(TASK BRIEF) Restate the following entries exactly. Keep the pictures out.

GIVEN ENTRIES below:

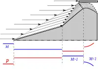 Гальмування надзвукового газового потоку відбувається завжди розривно (стрибкоподібно) — з утворенням ударної хвилі, яка називається також стрибком ущільнення. Процес стиснення газу на фронті ударної хвилі не є ізоентропійним, внаслідок чого у ньому мають місце незворотні втрати механічної енергії, та ступінь підвищення тиску в ньому менша, ніж у ідеальному — ізоентропійному процесі. Чим інтенсивніший стрибок ущільнення, тобто чим більша зміна швидкості потоку на його фронті, — тим більші втрати тиску, які можуть перевищувати 50 %.
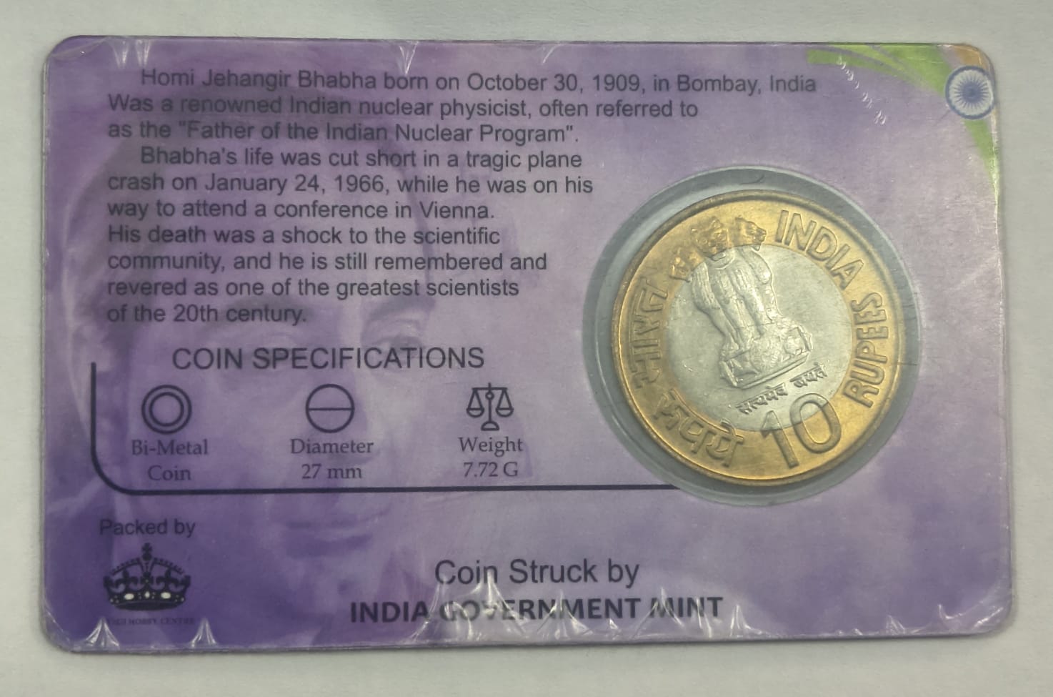 10 Rs (HOMI BHABHA BIRTH CENTENARY YEAR) COMMEMORATIVE ISSUE RARE COIN CARD SPECIAL EDITION
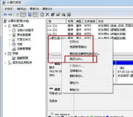 3、右键需要格式化的磁盘,从弹出的菜单中选择格式化。
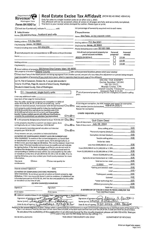 | Mailing Address: | 96 S DRY LAKE RD CAMANO ISLAND, WA 98282 | % Ownership: | 100.0000000000% |
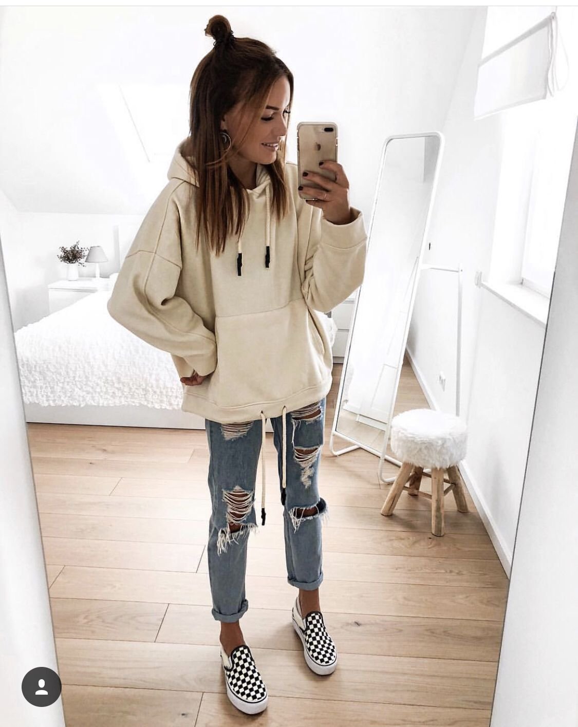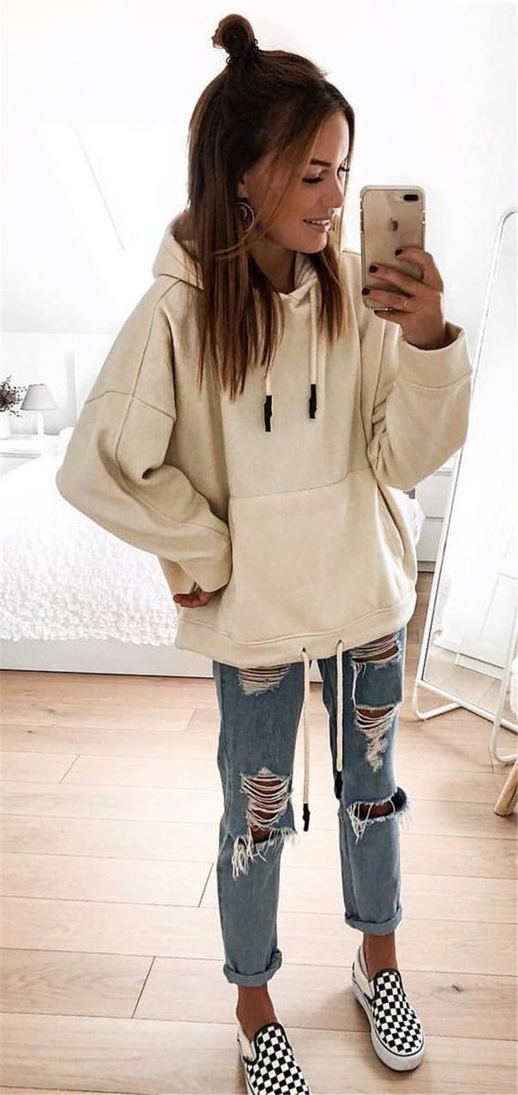 Джинсы и худи лук
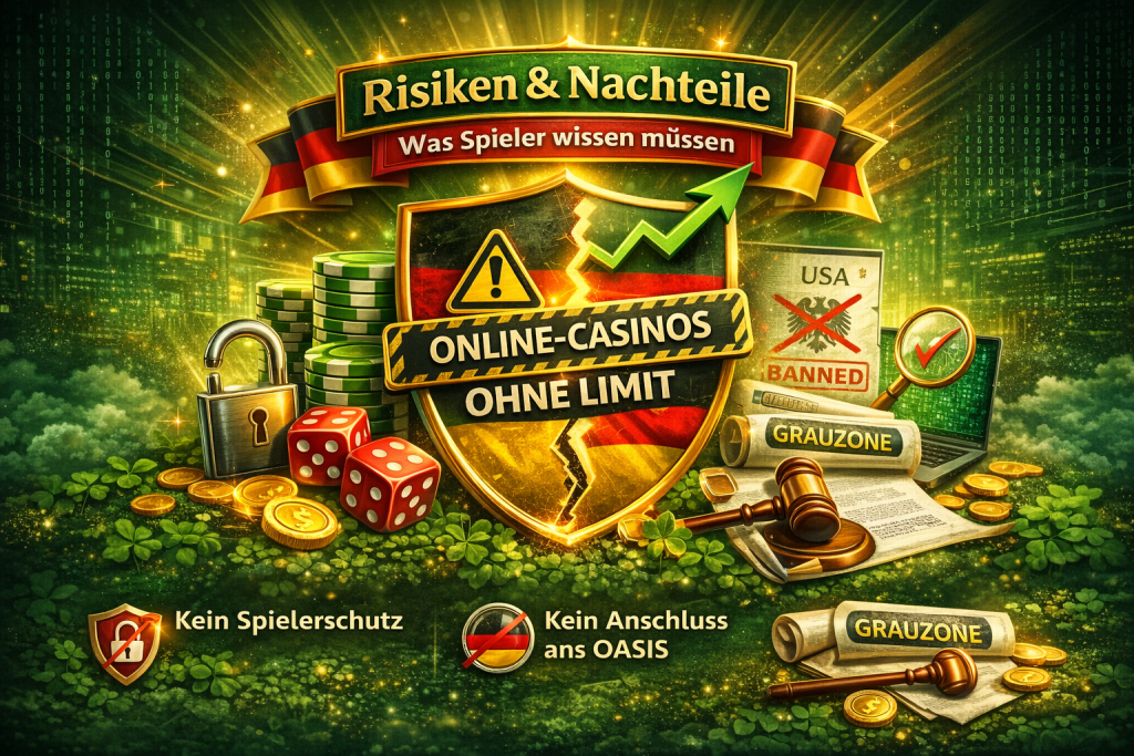 Ein Online Casino ohne Limit bietet deutschen Spielern klare Vorteile gegenüber dem stark regulierten deutschen Modell: freie Einsatzgestaltung, vollständiges Live-Casino-Angebot, attraktivere Bonusprogramme und keine automatische Spielsteuer. Gleichzeitig liegt die Verantwortung für einen kontrollierten Spielumgang vollständig beim Spieler selbst, da externe Schutzmechanismen wie LUGAS oder die automatische OASIS-Sperre nicht greifen.

End of GIVEN ENTRIES.

(SOLVED PROBLEM)
 Гальмування надзвукового газового потоку відбувається завжди розривно (стрибкоподібно) — з утворенням ударної хвилі, яка називається також стрибком ущільнення. Процес стиснення газу на фронті ударної хвилі не є ізоентропійним, внаслідок чого у ньому мають місце незворотні втрати механічної енергії, та ступінь підвищення тиску в ньому менша, ніж у ідеальному — ізоентропійному процесі. Чим інтенсивніший стрибок ущільнення, тобто чим більша зміна швидкості потоку на його фронті, — тим більші втрати тиску, які можуть перевищувати 50 %.
 10 Rs (HOMI BHABHA BIRTH CENTENARY YEAR) COMMEMORATIVE ISSUE RARE COIN CARD SPECIAL EDITION
 3、右键需要格式化的磁盘,从弹出的菜单中选择格式化。
 | Mailing Address: | 96 S DRY LAKE RD CAMANO ISLAND, WA 98282 | % Ownership: | 100.0000000000% |
 Джинсы и худи лук
 Ein Online Casino ohne Limit bietet deutschen Spielern klare Vorteile gegenüber dem stark regulierten deutschen Modell: freie Einsatzgestaltung, vollständiges Live-Casino-Angebot, attraktivere Bonusprogramme und keine automatische Spielsteuer. Gleichzeitig liegt die Verantwortung für einen kontrollierten Spielumgang vollständig beim Spieler selbst, da externe Schutzmechanismen wie LUGAS oder die automatische OASIS-Sperre nicht greifen.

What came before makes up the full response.